He laughs and nods. "Yeah, Dean. I'm good. Let's just get the hell out of here."

It's quiet except for the sound of their shuffling footsteps in the dirt and they expend half their energy looking over their shoulders, but finally they reach the tunnel's end and find themselves looking at a slanted trapdoor, just above Sam's eye-level. If either of them were uninjured they could probably just climb out.

As it is, it's going to take a little more creativity.

"All right," Dean breathes, "Let's get this sucker open."

They put their hands on the trap door and shove, grunting in surprise when it doesn't immediately swing open. Sam can hear tearing sounds though-grass must have grown over the outside of the door. "Keep pushing," he tells Dean.

The trap door finally gives under their combined efforts and swings back with a soft _whoomph. _Cool, damp air gives way to warm humidity and Sam closes his eyes, taking a shaky breath and just basking in the feeling of it on his chilled skin.

When he opens his eyes again, he can see the stars smattered like paint across the dark blue sky, the tendrils of a weeping willow's branches waving gently overhead in the breeze.
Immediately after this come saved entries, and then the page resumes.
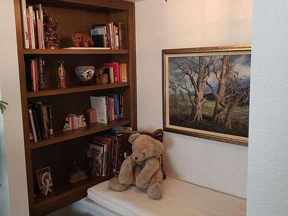 This home has character, views and a feeling of seclusion. Your own private sanctuary with towering trees and a fenced yard. A courtyard serves as a welcoming entrance plus the perfect spot for outdoor dining or star gazing! Two of the 3 bedrooms have served as home offices but are easy to visualize as the large bedrooms that they are! Or, you have the flexibility to leave one as a family room/office. Both have access to the beckoning rear yard and wooden decks. Owners have been fastidious in maintaining the home and yard. The living room has an inviting alcove to snuggle up and read. You will be amazed by all the storage/closet space. There is a buffet/bar for easy serving to both the dining room and living room.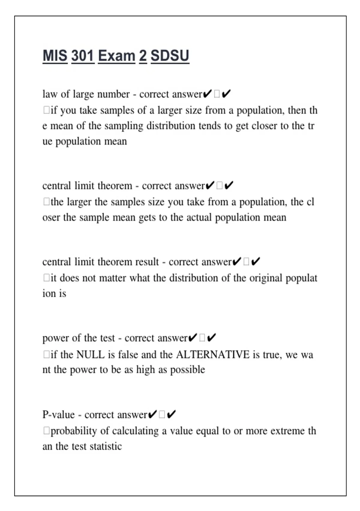 central limit theorem - correct answer✔ ✔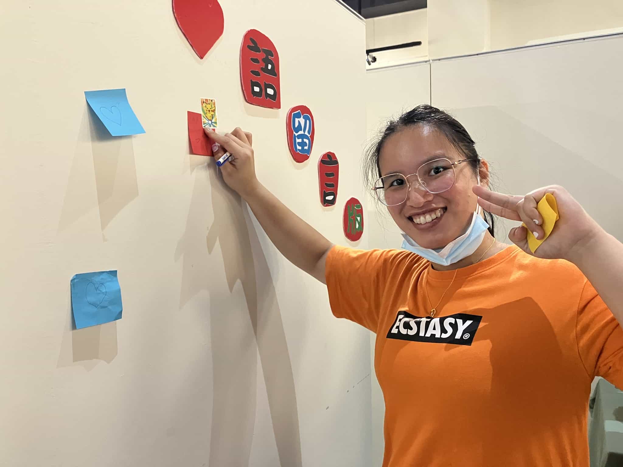 開幕現場氣氛熱烈,學員們興奮地與自己的作品合照,東華大學的學生們也紛紛前來觀賞,和學員深入交流,欣賞融會學員們。許多學員在觀眾面前展現自信,不僅能清楚介紹自己的畫作,更能積極地與周遭互動,表現出少見的開朗與從容,更能從被動化為主動和人們溝通。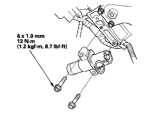 10. Screw the battery clamp bolt in as shown to hold the timing belt adjuster. Tighten it by hand; do not use a wrench.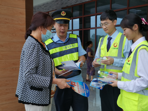 荔浦讯(通讯员 黎杨阳 唐国强 摄影报道)为切实提高群众安全生产意识和自我防护能力,近日,自治区交通运输综合行政执法局第四支队第六大队联合荔浦市公安局交通管理大队高速中队、广西交通投资集团桂林高速公路运营有限公司荔浦分公司等单位在荔浦服务区开展了以“人人讲安全、个个会应急——畅通生命通道”为主题的“安全生产月”宣传活动。
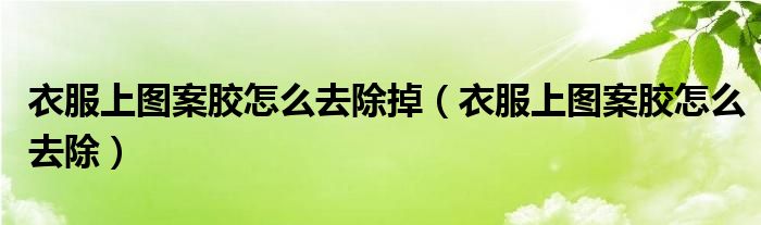 大家好,小晋来为大家解答以下问题,关于衣服上图案胶怎么去除掉,衣服上图案胶怎么去除很多人还不知道,今天让我们一起来看看吧!

The moon is somewhere Sam can't see, but its bright silver light is everywhere.

"Sam," Dean prompts, fingers prodding him gently in the side. "Move it, man. We're not on vacation."

"Yeah, right-" Sam breathes and looks back at his brother. "So, how're-"

"Gimme a boost," Dean says, gesturing with a finger.

Sam gives him a skeptical look. "Dean, you can't-"

"You can't either, Sam, so don't start," he snaps. "Just give me a damn boost, all right?"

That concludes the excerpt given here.